Bill Young, KERA’s vice president in charge of programming, admits that “the pledge drive programming does skew a little toward older viewers, but there is a fair amount for younger viewers as well.”
So what did the younger viewers get? Concerts by Paul Simon and Bruce Springsteen, which I would contend are for the middle-agers. Similar demos for an Otis Redding concert from 1967, and ’60s folkies Peter, Paul and Mary.
In effect, the national PBS programming people keep recycling older programs that have been the most successful in bringing in the bucks. Hence, you get a doo-wop music special that was shot in Pittsburgh in 2002 and is still seen around the country four times a year. “In the Still of the Night” by The Five Satins is certainly a nice song, but more than 50 years old. Red Skelton might have liked that number.
KERA aired 26 specialty programs during its March pledge drive. Why not incorporate the popular programs like Antiques Roadshow and the investigative Independent Lens and American Masters profiles into pledge events? Young said that has been tried some in the past, “but historically those programs do not generate a lot of money.”
One result has been that the programming leans heavily on the self-help gurus who are pushing their products and giving KERA a cut via the pledges. It used to be you got a coffee mug or a tote bag if you joined, but now, for a pledge of maybe a couple of hundred dollars, you get a book on how to manage your retirement funds.
In part, this is just the way public broadcasting stations have always done things. Before the advent of cable television and the internet, public television represented an important alternative for viewers. Because it provided news and cultural programming, commercial-free, that was not found on for-profit stations, KERA could argue that “viewers like you” should support the programming directly, through donations.
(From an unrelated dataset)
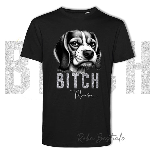 T-shirt BI**H, PLEASE - BEAGLE - Bianca o Nera - Scritta in vinile glitterato Ultra Brillante - dalla XS alla 5XL

But that is not the case any more. Public television is no longer the only place you can go to see cooking shows or history programs or even thorough investigative pieces. The pledge programming process is no longer about lauding “experimental” programming or the “originality” the shows provide. It is more about keeping those aging viewers and their money, the people who have been with them since TV was a four-channel universe.
Like many mainstream media institutions, public television has not come to grips with the changing media landscape. Many people in their 20s and 30s don’t read daily newspapers or watch KERA, partly because little is offered that interests them. So the newspapers and public stations are stuck with this older audience, which gets smaller as the years go by, since there is no one to replace them in the pipeline.
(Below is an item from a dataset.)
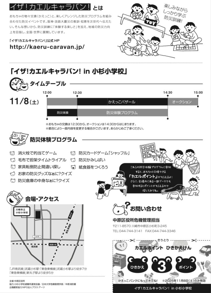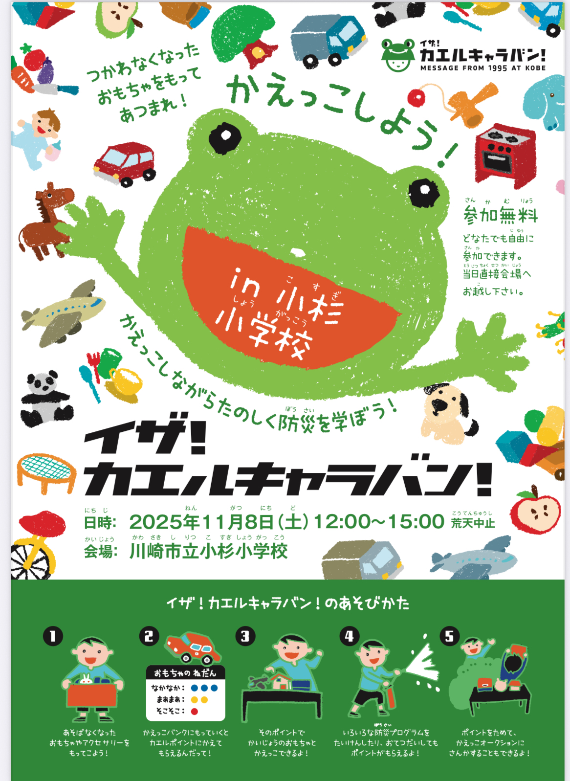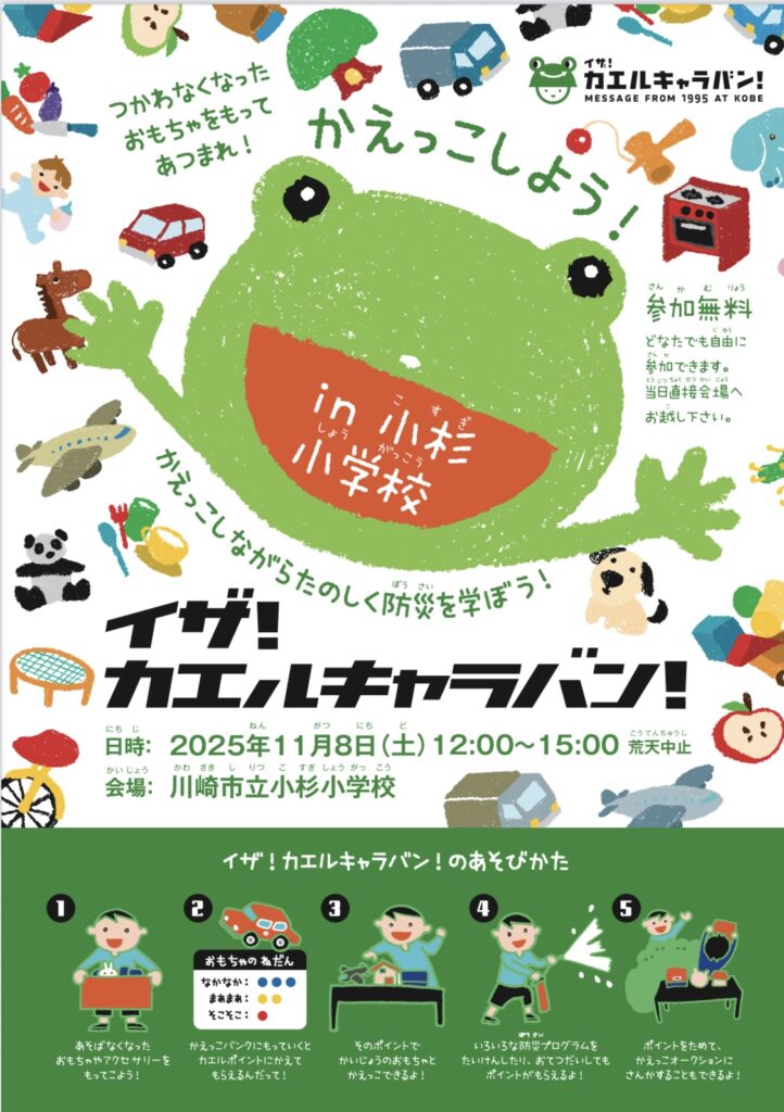【2025.11.8(土)/未就学児向】防災体験イザ!カエルキャラバン!@小杉小学校

About 15 years ago, when I wrote a story on the state of PBS for a national magazine, one of the head honchos in Washington told me, “We have the kids watching us until they are about five or six,” he said, “then we lose them for a long time and get them back when they are in their 40s.”
Maybe we should adjust that number. Viewers now probably return in their 50s. And the average is surely about 10 years older than that during the eight weeks of pledge drives each year.